WildHacks 2016 Project

By: James He, Allison Lu, and Byron Lee

Updated: November 20, 2016

Inspiration: We often hear of people leaving their car lights on for too long, people who get towed because they parked illegally, and people who leave their pets/children in the car on a super hot day. These potentially disastrous situations could all be prevented if passersby were able to alert the car owner of the situation that they're in. However, people aren't just going to post their phone numbers in their car windows for privacy purposes. We wanted to develop a solution that would allow people to alert car owners of potential problems, while still maintaining privacy.

What It Does: This is web application that aims to alert car owners that something is wrong with their vehicle (i.e. accidentally left headlights on), using entirely public information, as to preserve the privacy of the car owners.

To be a part of the Alertif community, users sign up for an account with their license plate, phone number, and email. Users need to activate their account upon first signing up as a security measure to prevent spam bots from inundating our system. The user can then input a license plate number, write a message to the owner of the car with that license plate, and hit send.

Alertif makes use of the Twilio API to send SMS messages to the car owners. The car owners will receive a text within seconds after the message is sent, notifying them that there's something wrong with their car and that they should probably do something about it.

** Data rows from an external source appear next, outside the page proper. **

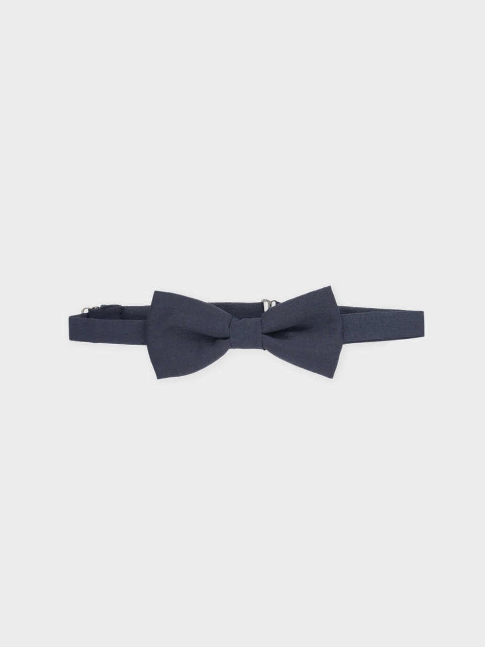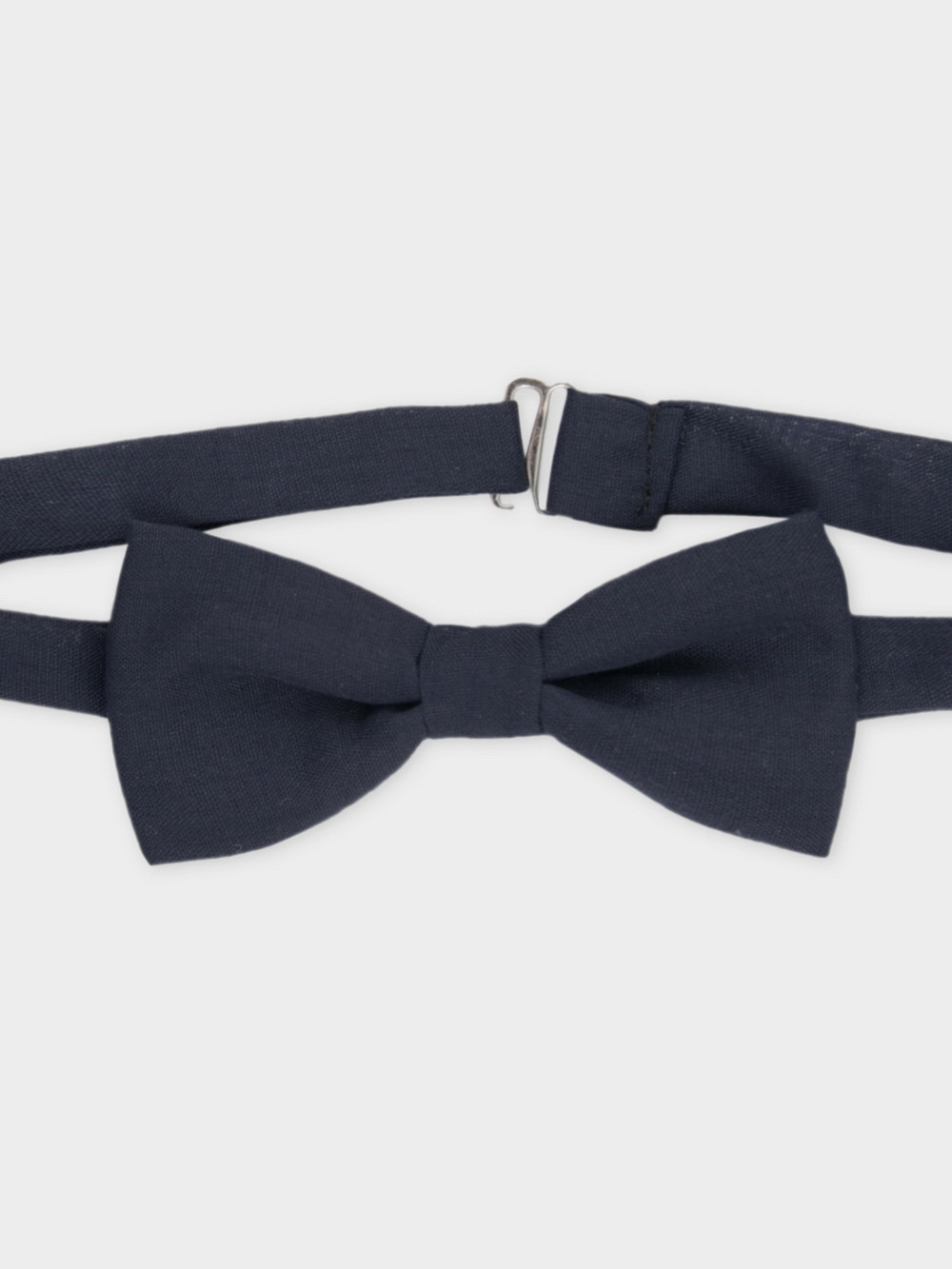 Бабочка для мальчика из текстиля. Цвет темно-синий. Удобная застежка с регулятором ширины ремешка, эластичная резинка.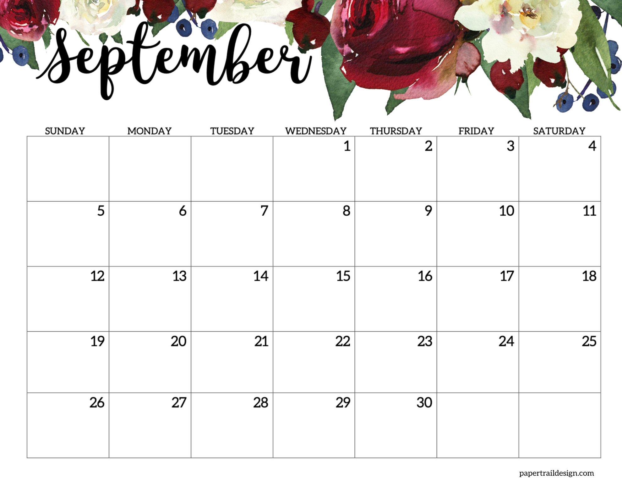 - September 2027 Calendar – Horizontal Floral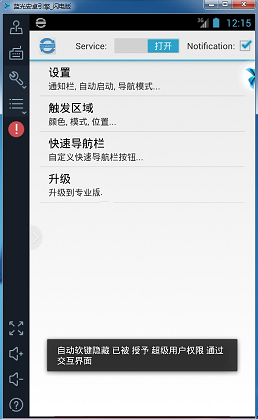 隐藏之后你仔细看会发现模拟器的最下面会有一个红色的线,点一下红色的线隐藏的按键就会出来了(如果实在看不到红线的点最边缘也可以)。然后我们返回到桌面开启辅助脚本。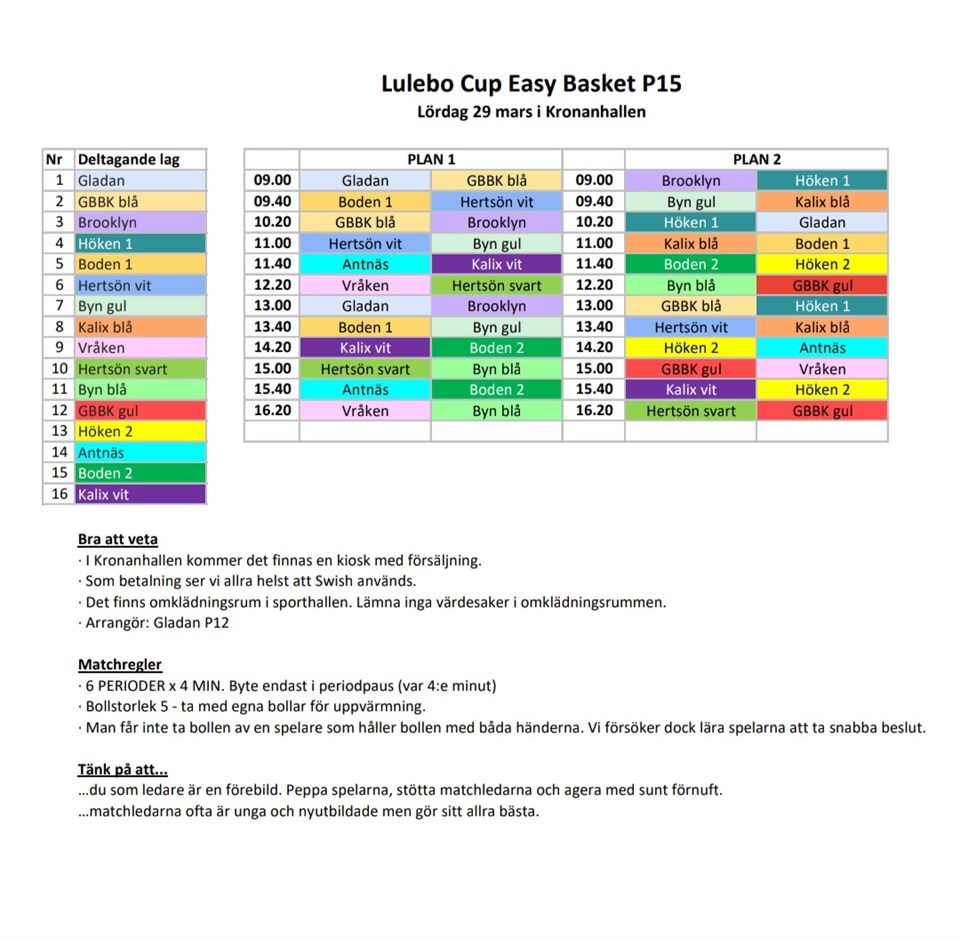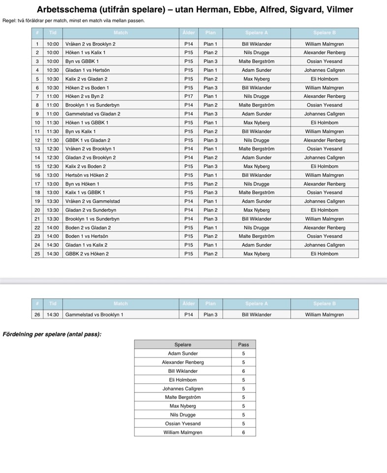 Tidtagning för samtliga matcher under söndagen (enligt schemat). Barnets namn = förälder till barn ansvarig. 2 föräldrar/match.

Technologies We Used: Alertif is a Ruby on Rails application, incorporating the Twilio API for SMS messaging capabilities. The front-end is done in HTML/CSS with embedded ruby code to handle dynamic components. Rails is used to handle all databases (PostgreSQL) which stores account information as well as the instant messaging content. Through the different Ruby gems that utilizes the power of SSL, Alertif also features account activation and password-reset/remember-me characteristics, ensuring that the privacy and protection of accounts through the use of authentication tokens and different active sessions.

Challenges: One challenge that we faced was how to handle the security features of the app, in particular how to set up authentication tokens and handling login/logout procedures. With relatively little experience in Ruby and Rails, we initially had trouble with handling HTTP server requests and setting up the routes that took care of handling account procedures. Another problem that we initially faced was deciding on models, its attributes, and how they intertwined with one another. When information is inputted into the forms provided, they needed to be validated for correctness which we eventually got it functioning correctly through Rails' features as well as a bit of regex.

Accomplishments: We are proud that we made an app that is functional and aesthetically pleasing in the given time frame. With our relative inexperience working on the web application development field, creating our first functioning web app was a major accomplishment.

In the future, we plan on porting our app to mobile since this is going to be primarily a mobile app. Due to time constraints, we chose a web app since we can port the web app using frameworks such as Cordova to iOS and Android phones, saving us the time of having to learn both iOS and Android mobile development.